Наиболее явственно указанный подход к оценке предмета преступления виден у П.П. Пусторослева. «Что следует считать объектом, т. е. предметом уголовного правонарушения…» – спрашивает автор. И замечает: «Вопрос, вызывающий некоторые разногласия»[4]. В связи с этим П.П. Пусторослев упоминает другие точки зрения, сложившиеся к тому времени в науке уголовного права: признание в качестве предмета правонарушения, во-первых, человеческого блага (в литературе оно также называется «благом, пользующимся правовой защитой», «правоохраняемым благом»); во-вторых, человеческого блага вообще; в-третьих, правового порядка. Критикуя указанные научные позиции, ученый пишет: «…с точки зрения интересов всестороннего, возможно большего народного благосостояния… предметом уголовного правонарушения следует считать благо, принадлежащее: физическому лицу, т. е. человеку, или союзу людей, являющемуся юридическим лицом, охраняемое действующим уг. правом от посягательства… Что касается до культ. уг. законодательств, то они не определяют прямо и точно, что именно они считают предметом уг. правонарушения; но в большинстве своих постановлений об уг. правонарушениях довольно ясно проводят мысль, что предметом уг. правонарушения служит человеч. благо, пользующееся охраной действующего уг. закона»[5].

Н.С. Таганцев, критикуя В.Д. Спасовича, указывает, что «преступное деяние заключается по этому взгляду или в уничтожении чьего-либо права, или в воспрепятствовании к пользованию им, или в невыполнении чьих-либо требований… посягательство на субъективное право составляет не сущность, а только средство, путем которого виновный посягает на норму права, на которой покоится субъективное право»[6]. Это не означает, что сам Н.С. Таганцев предметом преступления признавал норму права; он говорил о норме права «в ее реальном бытии», т. е. о правоохраняемом интересе, о правовом благе[7].
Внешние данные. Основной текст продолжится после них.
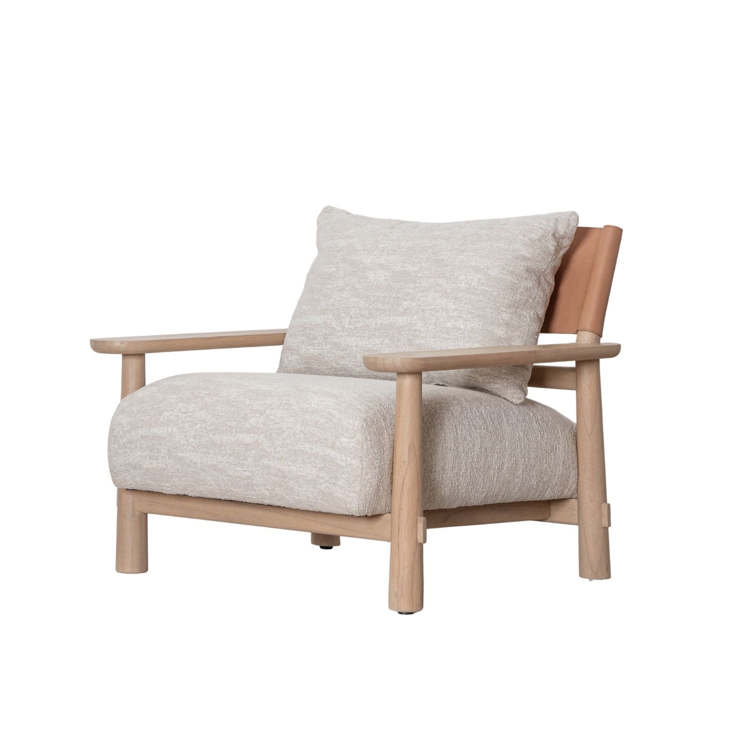 Designed with comfort and style in mind, the Cojo Lounge Chair features a generously upholstered seat and backrest in a textured fabric, offering a cosy and inviting feel.

Отождествление объекта и предмета преступления имело место не только в науке уголовного права России, но и, например, в немецкой уголовно-правовой теории. П.И.А. фон Фейербах исходил из того, что тот, «кто преступает правомерные границы свободы… нарушает права, делает оскорбление, обиду, вред. Кто нарушает свободу, утвержденную гражданским договором и обеспеченную наказательными законами, тот делает преступление, которое по сему в дальнейшем смысле есть повреждение или нарушение под наказательным законом состоящее, или деяние по закону наказанием вперед угрожаемое и правам другого противоборствующее». Поэтому он считал, что «поелику сохранение прав вообще есть цель наказательных законов; то как права подданных, так и права, принадлежащие Государству (яко нравственному лицу – Persona moralis), составляет предмет защищающего их угрожения. Итак, кто, преступая наказательный закон, нарушает непосредственно права государства, тот делает публичное преступление (государственное преступление; delictum publicum); но ежели право подданного есть непосредственный предмет нарушения, то это значит приватное или частное преступление (delictum privatum)»[8].

А.Ф. Бернер отмечал, что предмет преступления становится его объектом в связи с приобретением им правового содержания[9].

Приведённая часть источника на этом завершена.